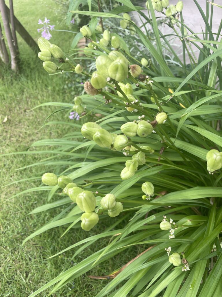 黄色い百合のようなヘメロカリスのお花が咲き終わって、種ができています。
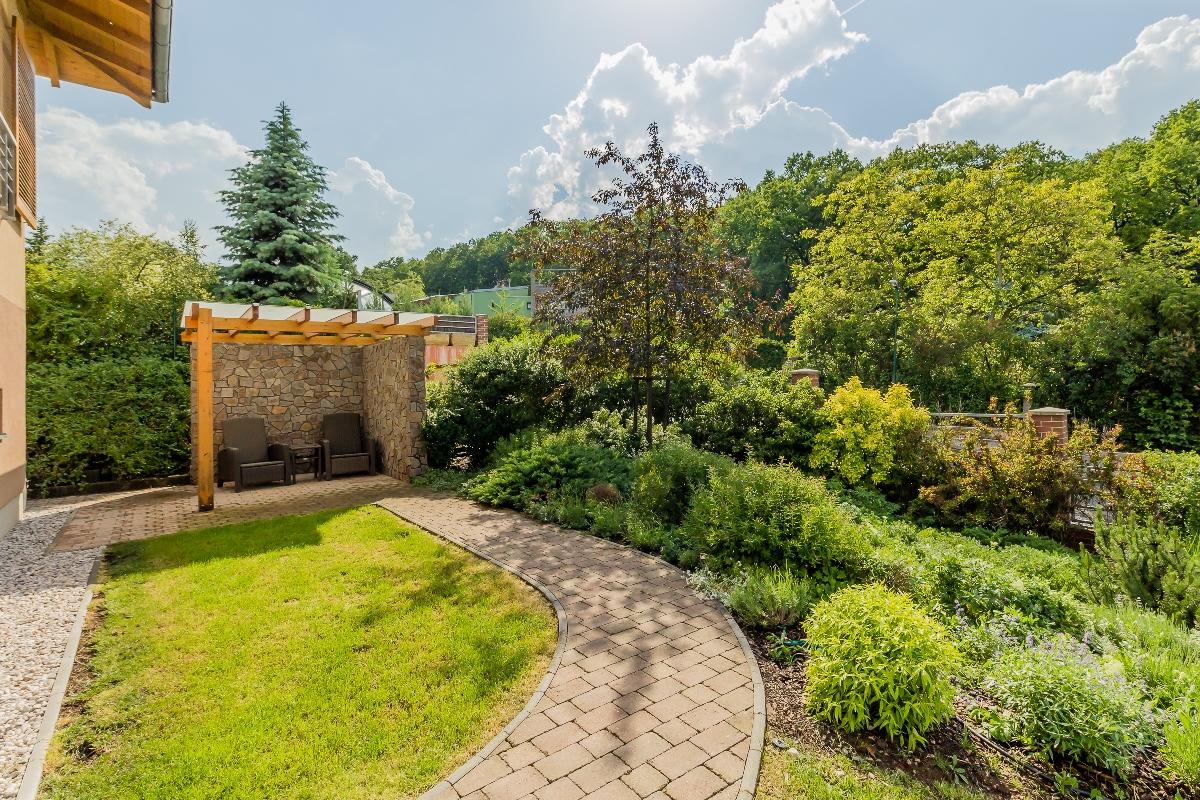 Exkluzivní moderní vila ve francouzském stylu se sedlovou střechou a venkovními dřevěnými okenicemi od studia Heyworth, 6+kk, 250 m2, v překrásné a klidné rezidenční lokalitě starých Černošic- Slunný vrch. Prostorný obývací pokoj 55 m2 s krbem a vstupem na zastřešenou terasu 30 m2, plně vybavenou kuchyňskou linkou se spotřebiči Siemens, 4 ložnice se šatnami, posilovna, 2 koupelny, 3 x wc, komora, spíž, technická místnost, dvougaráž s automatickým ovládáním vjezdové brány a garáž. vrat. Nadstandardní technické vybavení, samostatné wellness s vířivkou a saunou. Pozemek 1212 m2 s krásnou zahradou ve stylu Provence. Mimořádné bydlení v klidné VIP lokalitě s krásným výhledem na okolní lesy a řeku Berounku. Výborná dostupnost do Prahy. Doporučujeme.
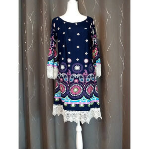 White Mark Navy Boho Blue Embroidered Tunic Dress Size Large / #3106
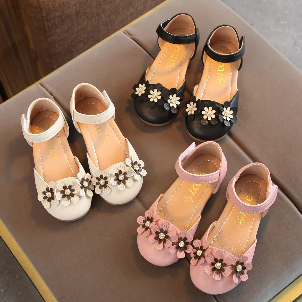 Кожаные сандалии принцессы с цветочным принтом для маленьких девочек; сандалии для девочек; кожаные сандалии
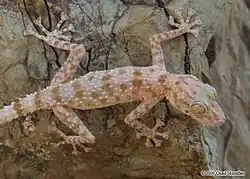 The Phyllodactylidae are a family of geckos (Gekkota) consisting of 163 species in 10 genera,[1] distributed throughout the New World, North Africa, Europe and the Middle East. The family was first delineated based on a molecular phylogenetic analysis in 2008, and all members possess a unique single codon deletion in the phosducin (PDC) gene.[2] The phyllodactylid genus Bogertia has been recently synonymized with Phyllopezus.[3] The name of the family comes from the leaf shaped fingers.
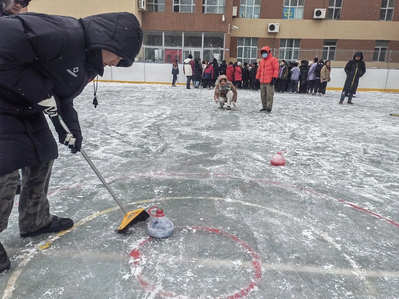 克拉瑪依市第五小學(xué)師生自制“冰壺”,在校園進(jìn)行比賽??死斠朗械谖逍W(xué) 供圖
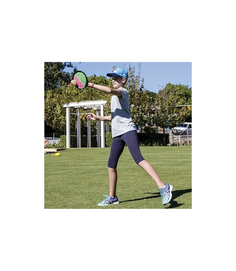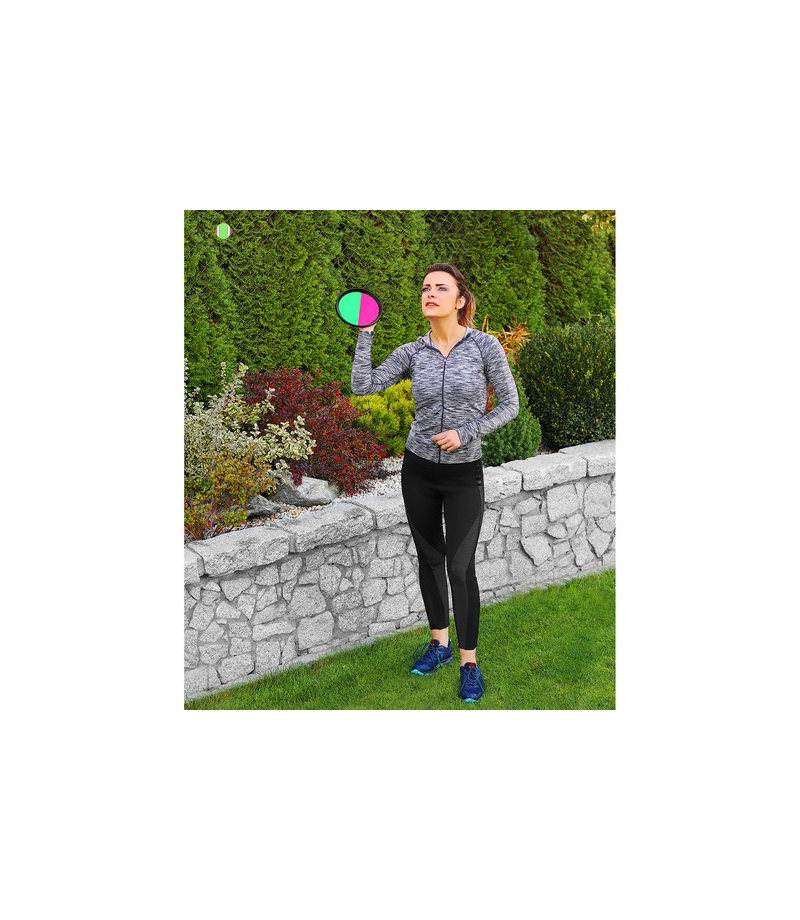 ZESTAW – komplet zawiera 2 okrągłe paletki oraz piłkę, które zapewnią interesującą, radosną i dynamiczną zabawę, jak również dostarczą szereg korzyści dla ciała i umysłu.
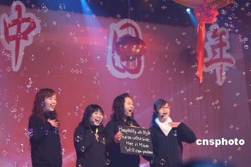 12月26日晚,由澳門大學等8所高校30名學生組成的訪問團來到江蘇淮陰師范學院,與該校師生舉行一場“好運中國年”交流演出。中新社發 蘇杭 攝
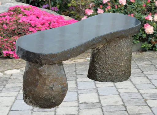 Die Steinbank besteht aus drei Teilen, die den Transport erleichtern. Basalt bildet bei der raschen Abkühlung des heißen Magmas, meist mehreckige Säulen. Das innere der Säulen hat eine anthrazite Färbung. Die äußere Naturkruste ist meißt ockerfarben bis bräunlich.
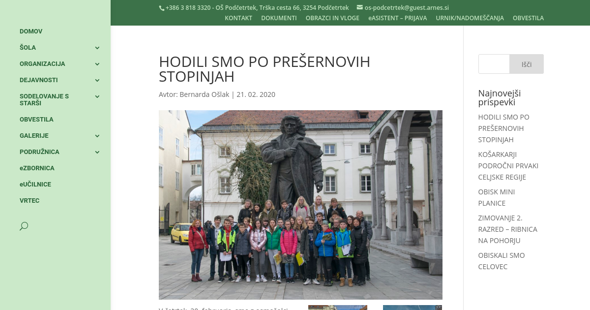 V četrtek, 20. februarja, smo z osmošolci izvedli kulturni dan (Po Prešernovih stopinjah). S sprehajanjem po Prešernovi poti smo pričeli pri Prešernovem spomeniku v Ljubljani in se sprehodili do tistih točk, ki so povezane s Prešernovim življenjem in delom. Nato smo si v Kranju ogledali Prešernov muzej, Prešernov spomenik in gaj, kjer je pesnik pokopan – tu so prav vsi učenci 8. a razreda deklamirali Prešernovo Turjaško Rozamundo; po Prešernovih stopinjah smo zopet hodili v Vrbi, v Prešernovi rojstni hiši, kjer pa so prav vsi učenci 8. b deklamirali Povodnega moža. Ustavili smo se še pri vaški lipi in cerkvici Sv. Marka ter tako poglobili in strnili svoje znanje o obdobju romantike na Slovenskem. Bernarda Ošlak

---

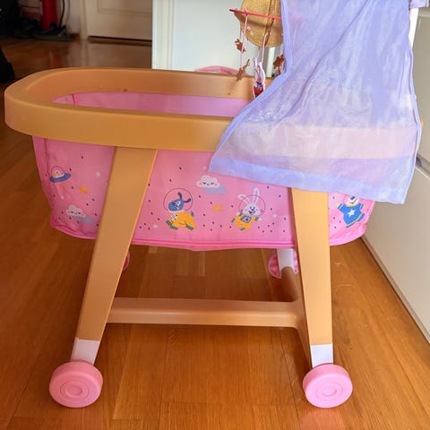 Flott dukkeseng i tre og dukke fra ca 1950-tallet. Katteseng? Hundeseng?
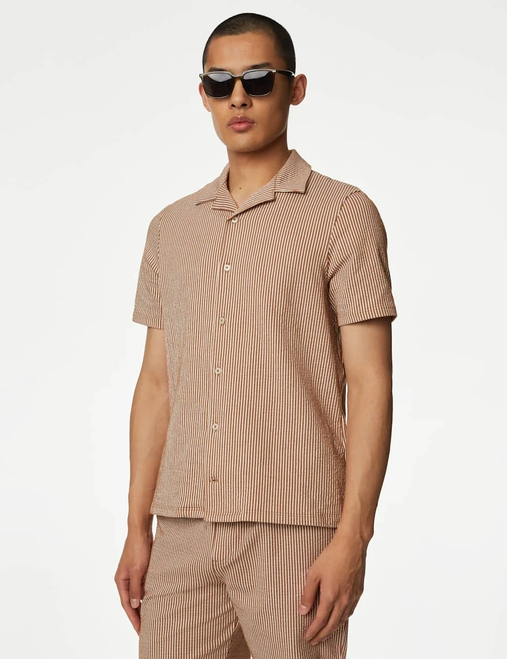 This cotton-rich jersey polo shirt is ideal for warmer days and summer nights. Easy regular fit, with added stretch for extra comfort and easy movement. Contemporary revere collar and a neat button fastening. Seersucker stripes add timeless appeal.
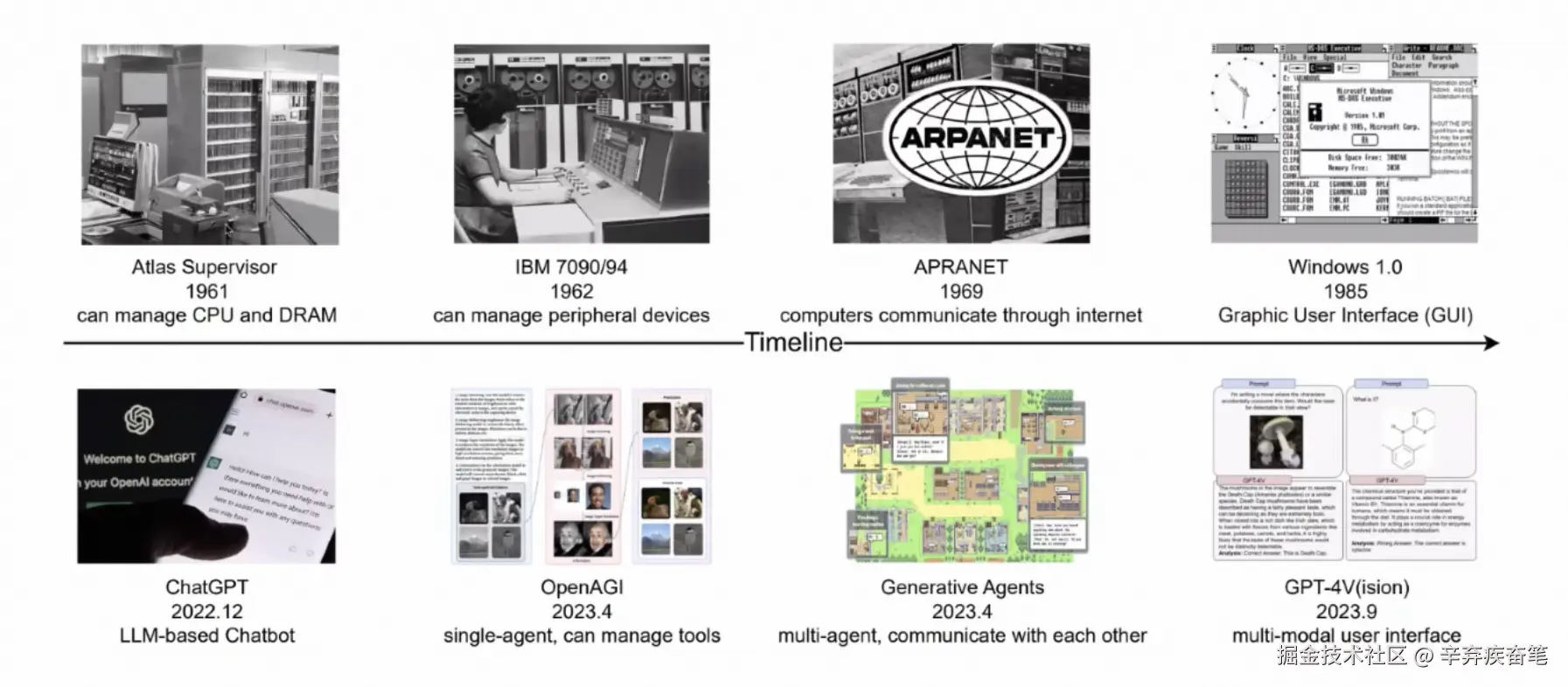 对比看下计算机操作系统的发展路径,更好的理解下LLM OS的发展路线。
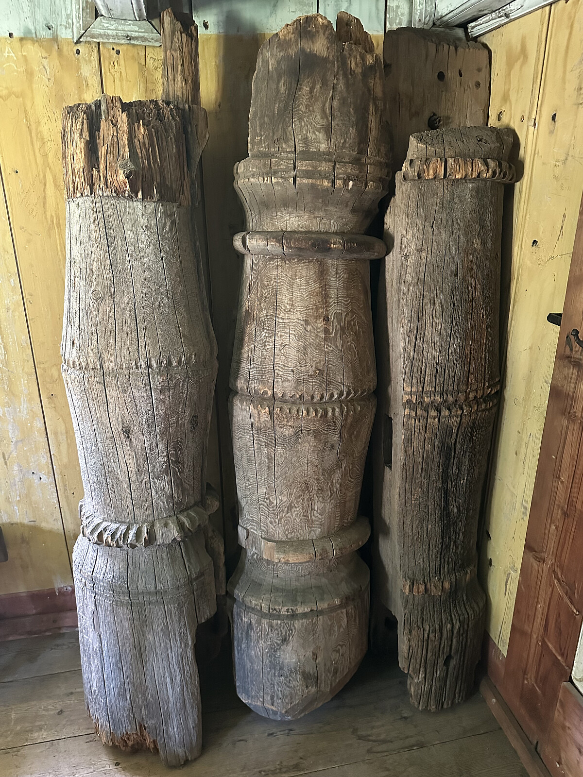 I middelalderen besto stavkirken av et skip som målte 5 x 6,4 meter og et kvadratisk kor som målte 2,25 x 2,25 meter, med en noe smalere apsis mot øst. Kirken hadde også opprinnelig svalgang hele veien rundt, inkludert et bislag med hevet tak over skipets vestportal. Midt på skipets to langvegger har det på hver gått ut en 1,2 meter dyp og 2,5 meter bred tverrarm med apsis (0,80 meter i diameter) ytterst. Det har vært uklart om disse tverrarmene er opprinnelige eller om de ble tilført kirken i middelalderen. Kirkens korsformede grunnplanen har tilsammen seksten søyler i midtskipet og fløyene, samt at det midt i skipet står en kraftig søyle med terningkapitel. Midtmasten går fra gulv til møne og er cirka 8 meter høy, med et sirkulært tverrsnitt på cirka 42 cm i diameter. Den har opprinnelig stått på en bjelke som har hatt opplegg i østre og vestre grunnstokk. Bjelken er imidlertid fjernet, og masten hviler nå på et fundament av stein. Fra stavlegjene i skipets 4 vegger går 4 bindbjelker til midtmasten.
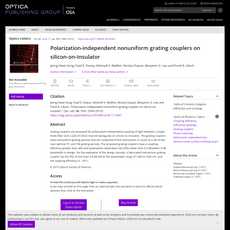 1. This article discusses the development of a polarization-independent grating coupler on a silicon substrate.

EXERCISE INSTRUCTIONS
An exact copy is needed of the entries above, starting at the line that holds "ZESTAW – komplet" and stopping at the line that holds "Die Steinbank besteht", both kept; pictures stay out.

OUTPUT
 ZESTAW – komplet zawiera 2 okrągłe paletki oraz piłkę, które zapewnią interesującą, radosną i dynamiczną zabawę, jak również dostarczą szereg korzyści dla ciała i umysłu.
 12月26日晚,由澳門大學等8所高校30名學生組成的訪問團來到江蘇淮陰師范學院,與該校師生舉行一場“好運中國年”交流演出。中新社發 蘇杭 攝
 Die Steinbank besteht aus drei Teilen, die den Transport erleichtern. Basalt bildet bei der raschen Abkühlung des heißen Magmas, meist mehreckige Säulen. Das innere der Säulen hat eine anthrazite Färbung. Die äußere Naturkruste ist meißt ockerfarben bis bräunlich.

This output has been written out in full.